Haytianisme : Quête d'Identité et de Renaissance




L’âme d’Hayti se meurt dans les murmures du vent, portée par les vents du désespoir. Le terme « citoyen » s'effrite comme une vieille ruine, et la fierté d’être Haytien s’éloigne lentement, noyée dans la brume de l'indifférence. Car qu’est-ce qu’être Haytien aujourd’hui ? Où est cette flamme qui, jadis, brûlait dans les cœurs des peuples de l’île, leur insufflant courage, unité et une volonté d’acier de bâtir un avenir commun ?

Dans l'ombre des ruines, le mot « Haytien » semble se diluer dans l’air, comme une brume vagabonde, invisible, et pourtant, si présente. L’esprit de notre terre, avec ses montagnes majestueuses et ses rivières indomptées, n’a jamais cessé de crier, de demander à être entendu. Mais nous, ses enfants, avons oublié de tendre l’oreille. Le sentiment d’appartenance s’éteint peu à peu. L’engagement social est devenu un mirage, et notre identité se noie dans les tempêtes de l’individualisme.

Oh, qu’il est triste de voir ce peuple qui, jadis, a porté la bannière de la liberté sur son dos, oublier la grandeur de son nom, se laisser engloutir par l’oubli. Nous avons perdu la clé de notre destin. Le mot citoyen s’éloigne de nous, comme un concept étranger, trop lointain, inaccessible. Nous ne savons plus ce que signifie le mot solidarité, ni même celui d’engagement. Nous avons oublié que tout grand projet, toute grande nation, ne se construit que par l’union des esprits, le travail collectif, la vision partagée.

Mais il n’est jamais trop tard. Il est grand temps de réapprendre à nous dire Haytiens, non par la simple naissance, mais par la réappropriation de notre essence. La Haytianisation, voilà le processus qui nous manque, l’étape nécessaire avant de rêver d’un véritable développement. Car un peuple, pour s’élever, doit d’abord se rassembler autour d’un idéal commun. La terre d’Hayti appelle à une renaissance, un renouveau. Le soleil de notre indépendance doit de nouveau briller, mais il faut d’abord raviver la flamme de l’unité et de l’amour de la patrie.

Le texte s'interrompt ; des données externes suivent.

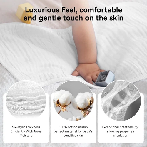 Synrroe Burp Cloths Large, Muslin Burp Cloths for Baby, Extra Absorbent and Soft, 6 Layers 20 by 10 Inches 100% Cotton (White Large 4 Pack) Product Details Color: White Brand: Synrroe Towel form type: Baby Burp Cloth Material: Cotton Product Dimensions: 20"L x 10"W Number of Items: 4 Style: Casual Pattern: Solid Special Feature: Super Soft|Super Absorbent|Quick Dry Theme: No Theme Product Care Instructions: Machine Wash Shape: Rectangular Size: Large 4 Pack Unit Count: 4.0 Count Fabric Type: Cotton Customer Package Type: Standard Packaging Item Weight: 0.29 Pounds Is Discontinued By Manufacturer: No Material Type: Cotton Material Composition: 100% Cotton Additional product features: Super Soft|Super Absorbent|Quick Dry Batteries required: No Item Weight: 4.7 ounces Color: White Brand: Synrroe Towel form type: Baby Burp Cloth Material: Cotton Product Dimensions: 20"L x 10"W Cotton Super soft, Our muslin burp cloths is made of first class cotton, super soft, very comfortable to touch, like touching the cakes Absorbent, our burp cloths is really absorbent, it can absorb liquid in seconds Quick dry, the muslin burp cloths is quick dry, 50% quicker than normal cloths Pre washed, the muslin burp cloths is pre washed, has folds, which helps making the cloths softer and less shrinkage. Flattened before hanging preferred Very healthy, the muslin burp cloths can be quicker dry than normal cloths, and air can flow more freely among layers, very healthy to use, especially for babies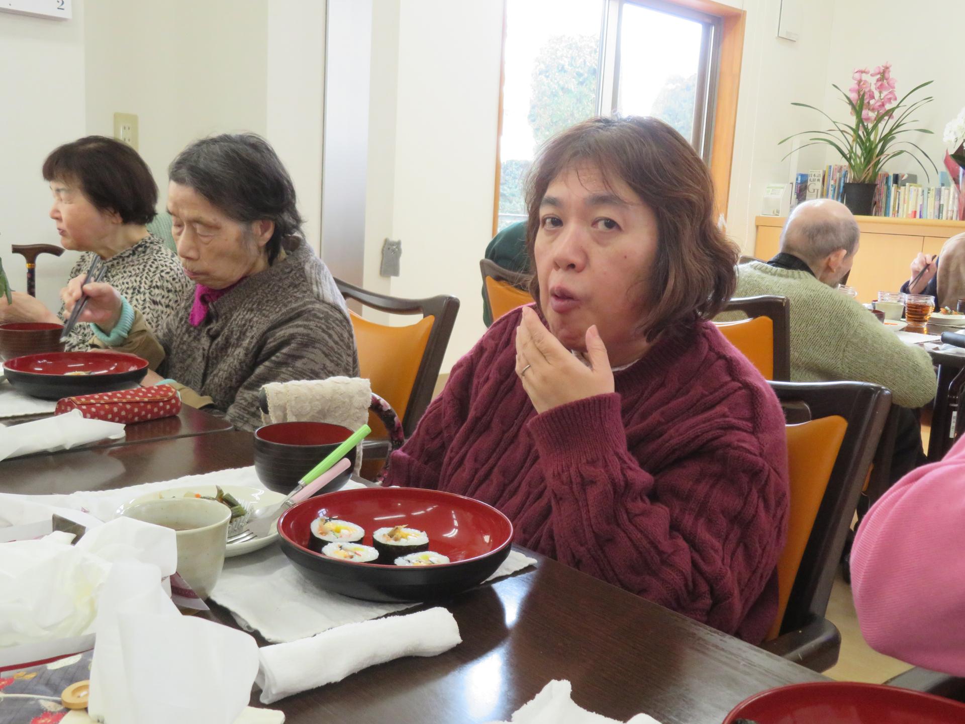 「恵方を向いて、黙って食べましょうね〜」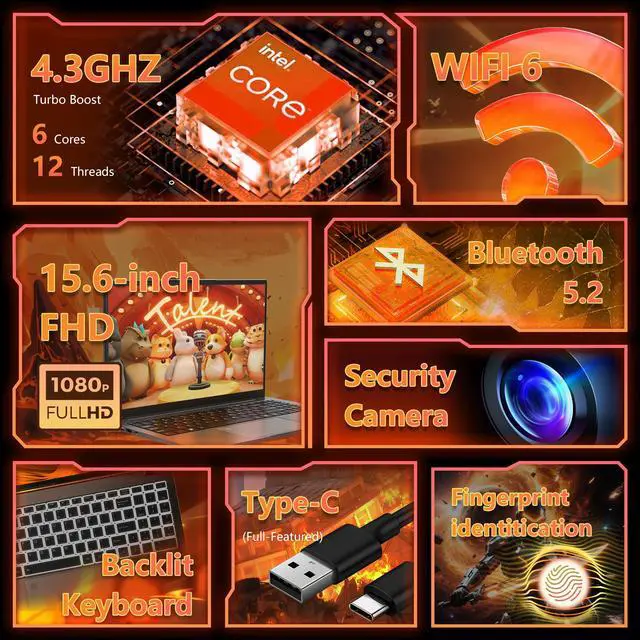 Multiple Ports: With 2 x USB3.2, 1 x USB2.0, 1 × Type-C, Standard Size HD, Headphone Jack, Micro SD, you can easily connect all your peripherals and devices to our laptop.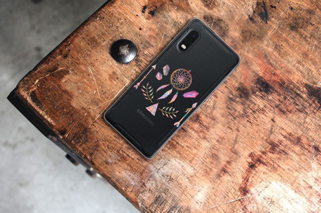 Een dromenvanger werd lang geleden al door een indianenvolk in Noord-Amerika gebruikt om nare dromen te weren. Nu nog hangen mensen over de hele wereld dromenvangers boven hun bed. Maar ook op een telefoonhoesje staat zo’n boho dreamcatcher heel mooi. Dit mooie design dat bestaat uit een tipi, pijlen en dromenvanger heeft veel verschillende prachtige kleuren. Maar omdat het ontwerp minimalistisch en klein is, is het design toch subtiel te noemen. Dit ontwerp staat op een Telefoonhoesje met Naam voor je Samsung Xcover Pro. TPU is flexibel en heel erg sterk. Zo is je telefoon aan de achterkant en de randen heel goed beschermd. De case is aan de bovenkant bedrukt, de randen blijven transparant. Het TPU-hoesje is perfect te combineren met een screenprotector, zo zijn je telefoon en je beeldscherm altijd goed beschermd.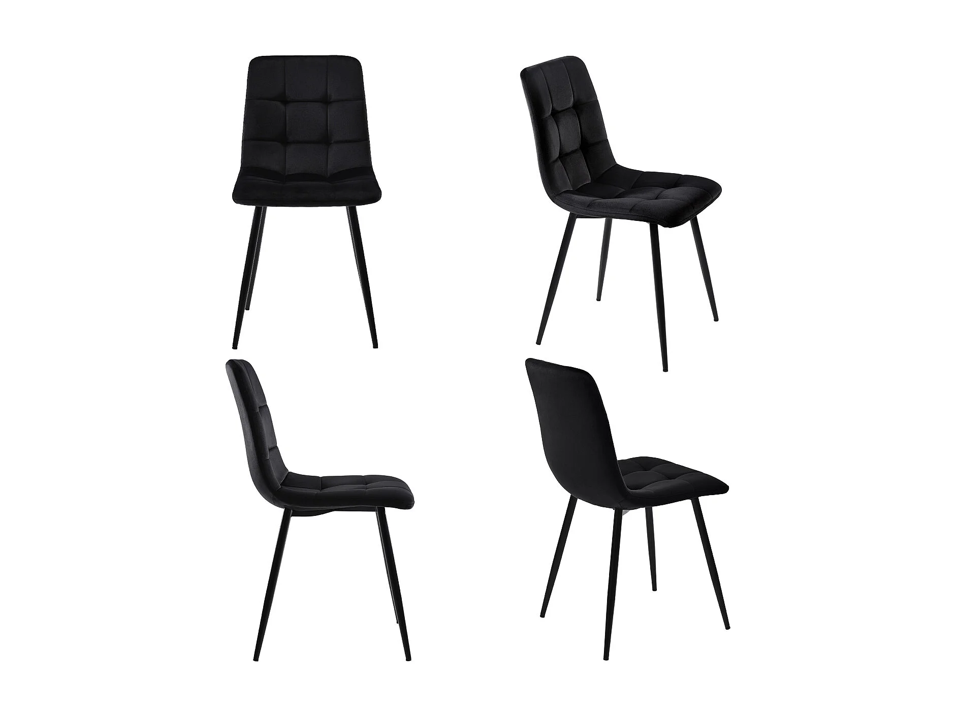 Eetkamerstoelenset (4 stuks): Zwarte fluwelen designstoel met rugleuning en metalen frame.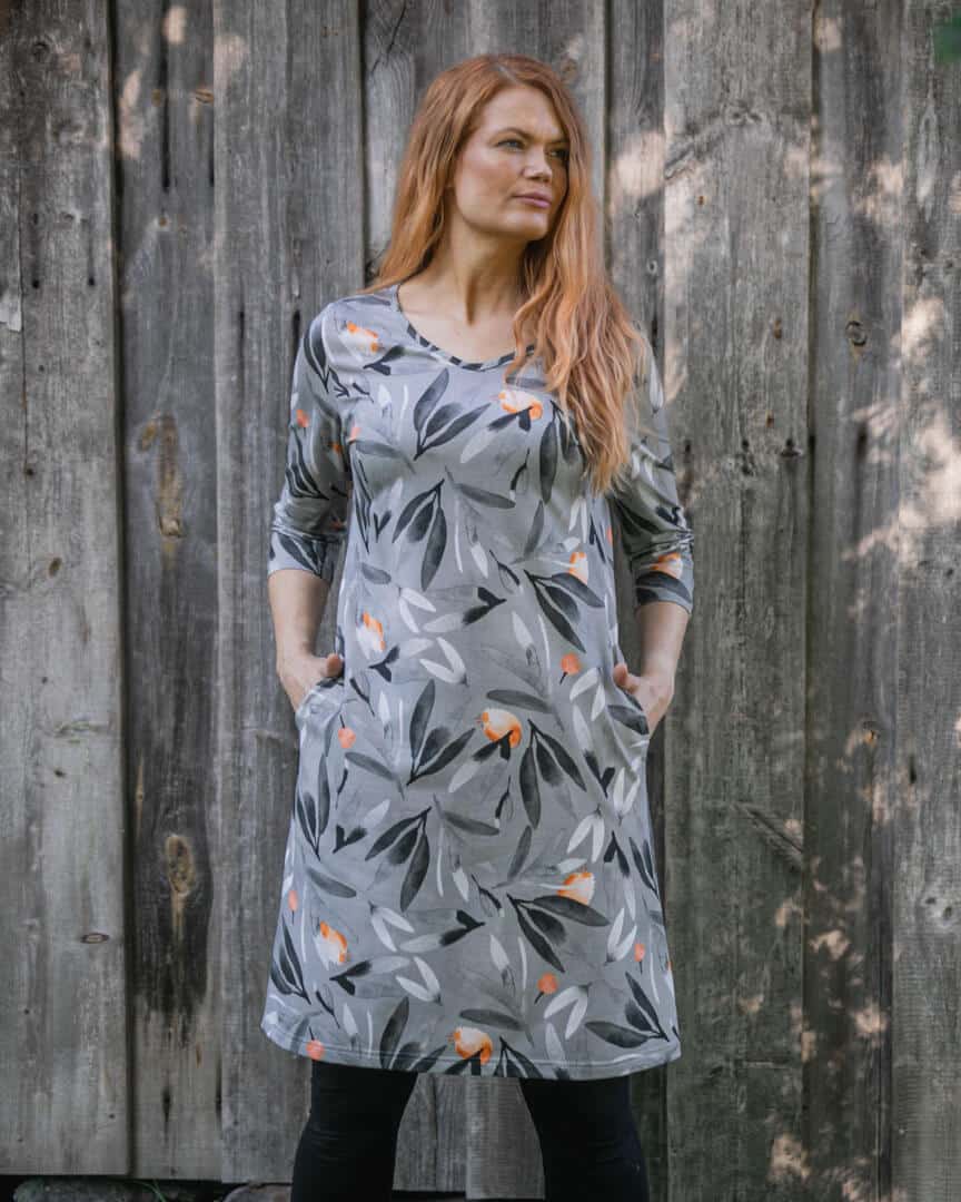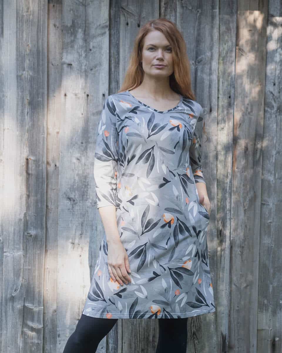 Laadukas digiprintattu luomupuuvillatrikoo on joustavaa ja ihanan pehmeää. Mekossa on takasauma joka tuo istuvuutta ja sivuilla kivat taskut.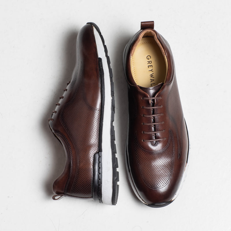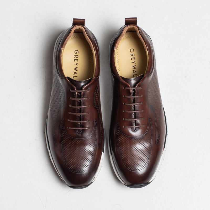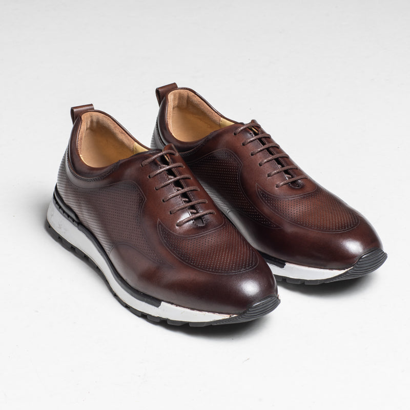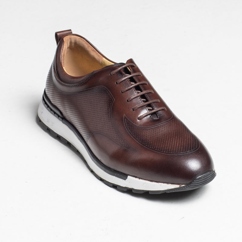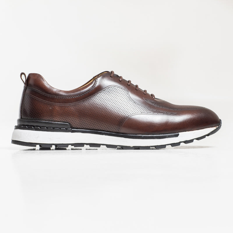 A clean and polished leather trainer in a rich brown finish. The perforated design adds a modern touch, while the rubber sole keeps the shoe comfortable throughout the day. A great choice for casual and smart-casual outfits.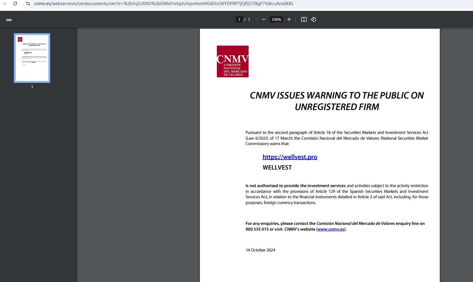 CNMV は、証券市場および投資サービス法 (法律 6/2023、3 月 17 日) 第 18 条第 2 項に基づき、未登録企業に関する一般への警告を発行します。Comisión Nacional del Mercado de Valores (国家証券市場委員会) は、次のことを警告します。https:// Wellvest .プロ Wellvestスペイン証券市場および投資サービス法第 129 条の規定に従って活動制限の対象となる投資サービスおよび活動を提供する権限は、同法第 2 条に詳述されている金融商品(これらの目的では外貨取引を含む)に関して付与されていません。お問い合わせは、スペイン証券市場および投資サービス法委員会の問い合わせライン 900 535 015 までご連絡いただくか、CNMV の Web サイト (www.cnmv.es) をご覧ください。2024 年 10 月 14 日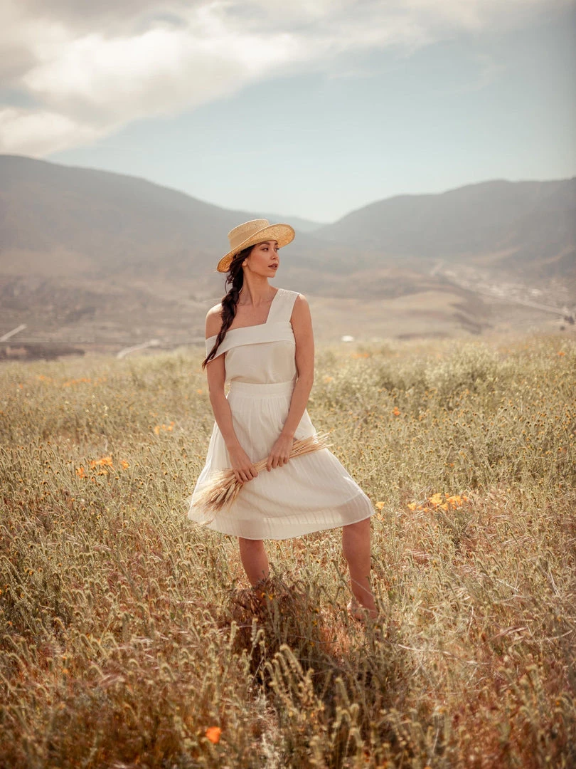 The Malina Tencel Top is a versatile, semi-fitted top with a hint of mid century flair. The luxuriously soft and silky tencel mixed with an off-the-shoulder detail and asymmetrical neckline give the Malina an elevated look that can be worn both casual and dressed up.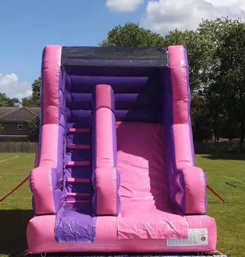 This vibrantly coloured, Pink & Purple slide would really shine at any school fete, inflatable fun day or party.

Que cet idéal commun soit l’Haytianisme, un idéalisme qui ne se nourrit pas des faux espoirs, mais de l’engagement véritable et de l’action. L’Haytianisme n’est pas un simple mot, il est une âme, une vision de ce que nous pouvons être : des hommes et des femmes fiers de leur histoire, de leurs racines, et de leur avenir en s’appuyant sur la vision Price-Marsienne. Il est une lumière qui nous guide vers un demain où la solidarité, la dignité et l’amour du pays nous uniront dans une même marche.

L’Haytianisme est l’essence même de notre renouveau, un pacte sacré de réconciliation avec nous-mêmes et avec notre terre. C’est l’appel à devenir des bâtisseurs d’une Hayti nouvelle, où chaque citoyen, du plus humble au plus puissant, porte en lui la fierté de participer à la construction d’un tout.

Pour que le terme Haytien prenne son sens véritable, il nous faut plus qu’une simple appartenance géographique, il nous faut l’adhésion à un projet de société fondé sur la justice, l’égalité et la fraternité. Nous devons nous engager, tous ensemble, dans ce processus de réinvention, où le peuple se reconstruit d’abord dans le cœur et dans l’esprit, pour ensuite réécrire l’histoire sur les pierres de la prospérité.

Là, dans cette quête, nous retrouverons notre dignité, et à travers l’Haytianisme, l’avenir d’Hayti. L’unité n’est pas une utopie, mais un impératif, une nécessité. C’est par cette unification spirituelle et sociale que, lentement mais sûrement, les chaînes du passé se briseront et que la lumière d’un nouveau jour éclairera nos horizons.


Le chemin est difficile, certes. Mais c’est un chemin qui vaut d’être parcouru, pour que demain, nous puissions enfin dire avec fierté : Je suis Haytien et l’histoire de mon peuple est ma raison de vivre, ma raison de lutter.